Source data
....................

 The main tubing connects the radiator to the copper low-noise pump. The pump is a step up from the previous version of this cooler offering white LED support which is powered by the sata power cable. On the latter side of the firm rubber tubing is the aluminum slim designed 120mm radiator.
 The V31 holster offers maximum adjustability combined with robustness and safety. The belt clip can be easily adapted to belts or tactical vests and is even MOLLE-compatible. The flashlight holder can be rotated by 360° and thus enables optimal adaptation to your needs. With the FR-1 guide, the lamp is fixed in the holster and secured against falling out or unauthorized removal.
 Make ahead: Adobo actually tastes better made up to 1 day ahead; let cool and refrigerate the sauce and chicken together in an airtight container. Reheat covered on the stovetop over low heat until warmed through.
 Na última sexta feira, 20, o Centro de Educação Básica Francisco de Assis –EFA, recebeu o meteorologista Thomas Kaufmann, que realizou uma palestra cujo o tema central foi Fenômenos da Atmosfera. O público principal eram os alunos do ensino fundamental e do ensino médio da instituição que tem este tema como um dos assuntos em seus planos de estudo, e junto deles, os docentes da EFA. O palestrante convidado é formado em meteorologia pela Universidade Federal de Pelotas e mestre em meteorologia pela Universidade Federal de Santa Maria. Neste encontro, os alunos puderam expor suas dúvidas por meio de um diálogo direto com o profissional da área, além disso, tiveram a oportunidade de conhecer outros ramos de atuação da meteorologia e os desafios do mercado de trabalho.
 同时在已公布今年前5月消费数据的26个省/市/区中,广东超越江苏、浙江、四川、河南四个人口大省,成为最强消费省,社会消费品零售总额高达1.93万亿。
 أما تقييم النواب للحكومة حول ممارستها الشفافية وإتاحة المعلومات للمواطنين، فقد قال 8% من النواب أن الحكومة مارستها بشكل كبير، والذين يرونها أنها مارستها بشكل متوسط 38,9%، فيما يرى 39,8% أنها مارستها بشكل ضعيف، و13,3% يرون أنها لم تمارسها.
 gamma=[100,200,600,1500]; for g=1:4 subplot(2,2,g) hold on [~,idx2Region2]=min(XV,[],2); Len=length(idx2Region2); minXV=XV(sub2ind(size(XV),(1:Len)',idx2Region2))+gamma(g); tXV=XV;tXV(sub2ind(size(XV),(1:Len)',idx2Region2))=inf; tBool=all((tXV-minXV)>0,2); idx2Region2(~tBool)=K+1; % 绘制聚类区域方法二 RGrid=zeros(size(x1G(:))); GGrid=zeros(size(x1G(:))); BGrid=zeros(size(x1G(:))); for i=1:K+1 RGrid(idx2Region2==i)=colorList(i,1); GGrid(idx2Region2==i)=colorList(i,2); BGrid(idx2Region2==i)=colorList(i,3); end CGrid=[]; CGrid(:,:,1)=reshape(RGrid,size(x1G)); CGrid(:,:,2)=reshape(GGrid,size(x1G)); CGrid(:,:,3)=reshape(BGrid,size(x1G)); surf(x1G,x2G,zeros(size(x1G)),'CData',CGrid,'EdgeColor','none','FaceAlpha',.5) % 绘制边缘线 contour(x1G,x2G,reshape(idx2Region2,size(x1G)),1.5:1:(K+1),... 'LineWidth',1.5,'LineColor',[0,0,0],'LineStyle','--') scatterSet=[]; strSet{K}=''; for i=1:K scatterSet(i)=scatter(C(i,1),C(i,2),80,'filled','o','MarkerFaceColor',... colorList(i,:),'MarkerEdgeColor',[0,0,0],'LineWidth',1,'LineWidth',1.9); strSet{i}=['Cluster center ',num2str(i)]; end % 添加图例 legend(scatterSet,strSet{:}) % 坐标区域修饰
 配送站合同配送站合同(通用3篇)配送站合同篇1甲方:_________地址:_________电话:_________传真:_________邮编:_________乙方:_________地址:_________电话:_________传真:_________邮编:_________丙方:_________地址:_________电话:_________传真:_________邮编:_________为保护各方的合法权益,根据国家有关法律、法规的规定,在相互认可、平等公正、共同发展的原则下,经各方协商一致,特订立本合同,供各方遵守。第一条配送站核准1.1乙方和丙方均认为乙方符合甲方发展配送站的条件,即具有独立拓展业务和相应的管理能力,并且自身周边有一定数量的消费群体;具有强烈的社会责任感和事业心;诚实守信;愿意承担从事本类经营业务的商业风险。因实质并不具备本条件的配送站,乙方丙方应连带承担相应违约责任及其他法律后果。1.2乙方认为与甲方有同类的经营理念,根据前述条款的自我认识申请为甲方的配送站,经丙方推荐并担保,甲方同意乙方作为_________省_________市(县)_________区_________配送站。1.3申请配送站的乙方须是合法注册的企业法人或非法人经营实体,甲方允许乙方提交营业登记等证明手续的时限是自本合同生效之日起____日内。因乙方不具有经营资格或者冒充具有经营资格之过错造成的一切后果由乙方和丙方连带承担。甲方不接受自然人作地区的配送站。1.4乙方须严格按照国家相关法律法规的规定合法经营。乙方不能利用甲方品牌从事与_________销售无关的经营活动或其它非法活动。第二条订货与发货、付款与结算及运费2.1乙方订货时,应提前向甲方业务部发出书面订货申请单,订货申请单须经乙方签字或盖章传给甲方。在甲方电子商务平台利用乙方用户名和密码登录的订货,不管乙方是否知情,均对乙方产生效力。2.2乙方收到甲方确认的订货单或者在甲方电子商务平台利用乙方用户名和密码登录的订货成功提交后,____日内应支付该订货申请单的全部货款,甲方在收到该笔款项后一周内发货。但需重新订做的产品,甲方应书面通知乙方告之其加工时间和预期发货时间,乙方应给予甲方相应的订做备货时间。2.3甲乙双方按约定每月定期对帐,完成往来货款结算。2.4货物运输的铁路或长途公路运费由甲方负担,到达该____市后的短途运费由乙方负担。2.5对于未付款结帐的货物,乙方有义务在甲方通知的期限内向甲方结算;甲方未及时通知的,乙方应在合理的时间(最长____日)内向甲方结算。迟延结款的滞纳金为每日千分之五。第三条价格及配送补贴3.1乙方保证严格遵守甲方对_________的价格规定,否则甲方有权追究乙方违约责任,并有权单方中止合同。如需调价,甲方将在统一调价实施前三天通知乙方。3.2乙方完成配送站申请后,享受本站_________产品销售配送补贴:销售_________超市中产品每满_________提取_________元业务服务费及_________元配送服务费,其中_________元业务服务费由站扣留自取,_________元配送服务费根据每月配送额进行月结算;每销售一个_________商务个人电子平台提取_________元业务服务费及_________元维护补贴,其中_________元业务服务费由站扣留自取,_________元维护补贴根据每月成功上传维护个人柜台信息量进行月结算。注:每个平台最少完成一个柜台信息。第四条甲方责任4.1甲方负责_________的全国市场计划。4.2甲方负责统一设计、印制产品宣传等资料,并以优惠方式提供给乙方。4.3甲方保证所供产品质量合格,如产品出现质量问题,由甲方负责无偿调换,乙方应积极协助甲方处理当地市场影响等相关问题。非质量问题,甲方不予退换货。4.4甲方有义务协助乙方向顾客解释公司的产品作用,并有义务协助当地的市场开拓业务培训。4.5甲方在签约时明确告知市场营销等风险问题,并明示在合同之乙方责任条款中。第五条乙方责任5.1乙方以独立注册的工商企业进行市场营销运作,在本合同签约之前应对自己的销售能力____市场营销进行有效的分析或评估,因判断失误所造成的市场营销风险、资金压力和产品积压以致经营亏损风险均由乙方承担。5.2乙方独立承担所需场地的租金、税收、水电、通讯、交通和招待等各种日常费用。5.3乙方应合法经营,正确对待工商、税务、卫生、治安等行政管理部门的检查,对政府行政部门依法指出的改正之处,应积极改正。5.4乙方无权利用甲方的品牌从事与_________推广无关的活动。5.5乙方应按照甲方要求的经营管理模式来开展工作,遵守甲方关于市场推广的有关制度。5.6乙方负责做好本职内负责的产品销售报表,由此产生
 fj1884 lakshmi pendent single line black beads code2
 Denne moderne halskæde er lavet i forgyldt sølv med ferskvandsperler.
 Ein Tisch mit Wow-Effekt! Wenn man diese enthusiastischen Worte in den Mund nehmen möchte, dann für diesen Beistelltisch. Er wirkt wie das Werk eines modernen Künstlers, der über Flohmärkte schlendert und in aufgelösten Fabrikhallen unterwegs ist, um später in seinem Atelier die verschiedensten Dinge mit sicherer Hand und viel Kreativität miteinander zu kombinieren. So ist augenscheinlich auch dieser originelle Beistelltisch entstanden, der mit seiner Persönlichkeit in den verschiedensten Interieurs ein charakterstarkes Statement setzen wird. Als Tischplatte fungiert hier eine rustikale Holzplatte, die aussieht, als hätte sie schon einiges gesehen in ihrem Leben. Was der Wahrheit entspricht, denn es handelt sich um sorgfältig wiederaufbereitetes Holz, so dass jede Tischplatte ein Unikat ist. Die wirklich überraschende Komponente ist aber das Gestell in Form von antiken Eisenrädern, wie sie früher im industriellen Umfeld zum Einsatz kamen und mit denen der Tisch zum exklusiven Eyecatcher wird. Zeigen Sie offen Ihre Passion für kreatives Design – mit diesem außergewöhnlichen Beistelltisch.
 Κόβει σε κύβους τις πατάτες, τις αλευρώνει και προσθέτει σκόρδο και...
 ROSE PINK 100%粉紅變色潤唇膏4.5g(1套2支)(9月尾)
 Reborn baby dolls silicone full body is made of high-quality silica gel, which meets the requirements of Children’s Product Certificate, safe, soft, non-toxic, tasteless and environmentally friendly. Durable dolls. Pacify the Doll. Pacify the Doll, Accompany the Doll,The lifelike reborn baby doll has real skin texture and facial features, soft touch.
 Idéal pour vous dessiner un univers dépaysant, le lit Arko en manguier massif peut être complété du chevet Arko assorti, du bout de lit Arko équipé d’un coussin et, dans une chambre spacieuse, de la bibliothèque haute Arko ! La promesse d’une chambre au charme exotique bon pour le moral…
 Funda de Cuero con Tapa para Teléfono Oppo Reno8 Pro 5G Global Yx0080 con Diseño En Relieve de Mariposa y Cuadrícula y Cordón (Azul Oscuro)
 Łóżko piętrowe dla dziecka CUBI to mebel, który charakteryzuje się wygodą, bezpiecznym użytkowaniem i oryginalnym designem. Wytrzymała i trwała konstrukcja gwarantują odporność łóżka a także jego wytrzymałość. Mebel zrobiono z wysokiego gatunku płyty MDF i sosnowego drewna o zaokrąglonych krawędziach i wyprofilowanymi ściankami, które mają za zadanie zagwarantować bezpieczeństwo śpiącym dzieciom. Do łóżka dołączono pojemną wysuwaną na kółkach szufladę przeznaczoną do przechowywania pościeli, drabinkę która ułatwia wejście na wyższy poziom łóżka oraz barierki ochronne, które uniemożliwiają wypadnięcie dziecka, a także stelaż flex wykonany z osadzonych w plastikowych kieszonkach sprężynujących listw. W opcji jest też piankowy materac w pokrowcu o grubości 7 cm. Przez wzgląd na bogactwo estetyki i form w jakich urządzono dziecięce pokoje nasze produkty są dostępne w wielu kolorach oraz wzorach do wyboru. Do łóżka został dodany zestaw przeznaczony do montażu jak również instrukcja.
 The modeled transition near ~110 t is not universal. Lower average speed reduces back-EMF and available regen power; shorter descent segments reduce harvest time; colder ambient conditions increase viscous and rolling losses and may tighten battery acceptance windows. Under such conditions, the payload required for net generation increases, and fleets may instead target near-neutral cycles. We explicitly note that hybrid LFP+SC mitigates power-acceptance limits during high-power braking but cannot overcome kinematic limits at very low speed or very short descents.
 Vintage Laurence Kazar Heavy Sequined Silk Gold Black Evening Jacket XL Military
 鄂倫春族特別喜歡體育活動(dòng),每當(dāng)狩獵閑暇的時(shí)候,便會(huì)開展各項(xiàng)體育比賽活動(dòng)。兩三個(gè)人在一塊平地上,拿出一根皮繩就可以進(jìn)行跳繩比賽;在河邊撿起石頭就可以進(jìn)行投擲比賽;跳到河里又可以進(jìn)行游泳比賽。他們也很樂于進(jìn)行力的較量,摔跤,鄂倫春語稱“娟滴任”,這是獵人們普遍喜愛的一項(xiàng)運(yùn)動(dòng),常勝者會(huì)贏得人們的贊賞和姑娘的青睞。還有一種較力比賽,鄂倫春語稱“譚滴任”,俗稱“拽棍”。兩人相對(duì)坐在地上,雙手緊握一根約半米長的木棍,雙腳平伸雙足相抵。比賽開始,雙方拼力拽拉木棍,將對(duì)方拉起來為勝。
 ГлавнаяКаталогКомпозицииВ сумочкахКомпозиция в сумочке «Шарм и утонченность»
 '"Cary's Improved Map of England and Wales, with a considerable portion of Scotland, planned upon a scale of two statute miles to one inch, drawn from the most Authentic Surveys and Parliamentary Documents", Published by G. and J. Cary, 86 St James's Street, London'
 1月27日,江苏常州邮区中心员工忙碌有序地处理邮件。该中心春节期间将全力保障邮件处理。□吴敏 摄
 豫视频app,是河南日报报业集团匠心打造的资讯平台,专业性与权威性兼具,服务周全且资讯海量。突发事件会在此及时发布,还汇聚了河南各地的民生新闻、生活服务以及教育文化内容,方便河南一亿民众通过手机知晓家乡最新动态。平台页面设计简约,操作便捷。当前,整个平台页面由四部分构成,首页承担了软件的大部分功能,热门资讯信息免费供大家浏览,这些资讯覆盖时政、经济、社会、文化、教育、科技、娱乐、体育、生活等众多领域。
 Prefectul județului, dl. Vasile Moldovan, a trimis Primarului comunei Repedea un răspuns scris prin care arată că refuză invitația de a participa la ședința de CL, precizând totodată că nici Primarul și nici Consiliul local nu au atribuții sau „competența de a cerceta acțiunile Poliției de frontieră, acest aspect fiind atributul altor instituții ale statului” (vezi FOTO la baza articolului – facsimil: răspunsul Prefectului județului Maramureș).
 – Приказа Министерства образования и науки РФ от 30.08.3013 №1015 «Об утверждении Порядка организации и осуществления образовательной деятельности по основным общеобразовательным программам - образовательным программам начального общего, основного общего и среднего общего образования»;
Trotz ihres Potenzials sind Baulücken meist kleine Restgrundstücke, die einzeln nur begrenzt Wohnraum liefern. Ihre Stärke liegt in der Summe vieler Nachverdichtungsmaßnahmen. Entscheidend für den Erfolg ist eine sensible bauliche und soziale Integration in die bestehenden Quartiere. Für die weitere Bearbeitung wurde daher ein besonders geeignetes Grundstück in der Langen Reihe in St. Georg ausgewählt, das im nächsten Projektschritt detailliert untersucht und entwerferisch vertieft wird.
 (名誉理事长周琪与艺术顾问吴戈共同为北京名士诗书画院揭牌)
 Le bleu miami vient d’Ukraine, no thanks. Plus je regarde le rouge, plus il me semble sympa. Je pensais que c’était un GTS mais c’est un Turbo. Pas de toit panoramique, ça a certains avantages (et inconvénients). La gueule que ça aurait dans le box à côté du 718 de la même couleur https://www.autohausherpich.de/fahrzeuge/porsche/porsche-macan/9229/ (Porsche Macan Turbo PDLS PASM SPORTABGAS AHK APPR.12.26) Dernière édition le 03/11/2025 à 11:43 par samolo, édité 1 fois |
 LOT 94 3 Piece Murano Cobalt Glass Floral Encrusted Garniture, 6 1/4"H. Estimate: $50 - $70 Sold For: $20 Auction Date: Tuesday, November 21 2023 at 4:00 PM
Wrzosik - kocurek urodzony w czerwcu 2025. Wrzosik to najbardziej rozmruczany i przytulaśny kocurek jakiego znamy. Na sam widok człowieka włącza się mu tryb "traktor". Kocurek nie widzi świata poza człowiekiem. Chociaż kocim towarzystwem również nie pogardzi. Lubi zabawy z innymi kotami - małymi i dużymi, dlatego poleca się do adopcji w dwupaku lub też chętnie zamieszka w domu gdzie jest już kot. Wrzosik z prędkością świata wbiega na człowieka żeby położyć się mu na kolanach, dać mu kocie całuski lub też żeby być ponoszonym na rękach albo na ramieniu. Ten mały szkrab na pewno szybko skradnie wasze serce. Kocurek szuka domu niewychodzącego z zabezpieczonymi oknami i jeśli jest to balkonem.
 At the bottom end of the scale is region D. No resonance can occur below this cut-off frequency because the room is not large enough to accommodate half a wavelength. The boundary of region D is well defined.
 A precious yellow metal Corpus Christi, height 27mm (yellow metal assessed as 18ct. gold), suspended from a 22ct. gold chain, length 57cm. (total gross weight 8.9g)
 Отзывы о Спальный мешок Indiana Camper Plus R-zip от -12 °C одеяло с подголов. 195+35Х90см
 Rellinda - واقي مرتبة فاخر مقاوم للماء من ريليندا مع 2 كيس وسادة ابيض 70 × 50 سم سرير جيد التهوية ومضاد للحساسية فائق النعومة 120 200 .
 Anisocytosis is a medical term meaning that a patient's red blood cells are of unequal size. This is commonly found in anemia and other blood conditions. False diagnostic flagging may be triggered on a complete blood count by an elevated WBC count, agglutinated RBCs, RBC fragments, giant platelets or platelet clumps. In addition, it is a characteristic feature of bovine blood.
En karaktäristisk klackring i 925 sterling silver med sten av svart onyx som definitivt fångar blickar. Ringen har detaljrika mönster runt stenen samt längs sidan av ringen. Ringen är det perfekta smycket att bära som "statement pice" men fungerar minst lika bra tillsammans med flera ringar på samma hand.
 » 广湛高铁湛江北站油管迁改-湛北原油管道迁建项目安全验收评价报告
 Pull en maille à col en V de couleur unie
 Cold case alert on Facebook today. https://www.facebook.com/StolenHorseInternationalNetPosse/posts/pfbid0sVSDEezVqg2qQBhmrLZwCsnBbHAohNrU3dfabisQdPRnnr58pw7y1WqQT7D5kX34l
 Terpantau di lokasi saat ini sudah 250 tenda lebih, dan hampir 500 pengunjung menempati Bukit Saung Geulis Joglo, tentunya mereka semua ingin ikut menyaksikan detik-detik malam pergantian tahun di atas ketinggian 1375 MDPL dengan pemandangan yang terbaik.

....................

### [WHAT NEEDS TO BE DONE]
Repeat exactly the lines of the records from the one containing "Pull en maille à col en V de couleur unie" to the last, and include no line outside that stretch.

### [SOLUTION TO THIS PROBLEM]
 Pull en maille à col en V de couleur unie
 Cold case alert on Facebook today. https://www.facebook.com/StolenHorseInternationalNetPosse/posts/pfbid0sVSDEezVqg2qQBhmrLZwCsnBbHAohNrU3dfabisQdPRnnr58pw7y1WqQT7D5kX34l
 Terpantau di lokasi saat ini sudah 250 tenda lebih, dan hampir 500 pengunjung menempati Bukit Saung Geulis Joglo, tentunya mereka semua ingin ikut menyaksikan detik-detik malam pergantian tahun di atas ketinggian 1375 MDPL dengan pemandangan yang terbaik.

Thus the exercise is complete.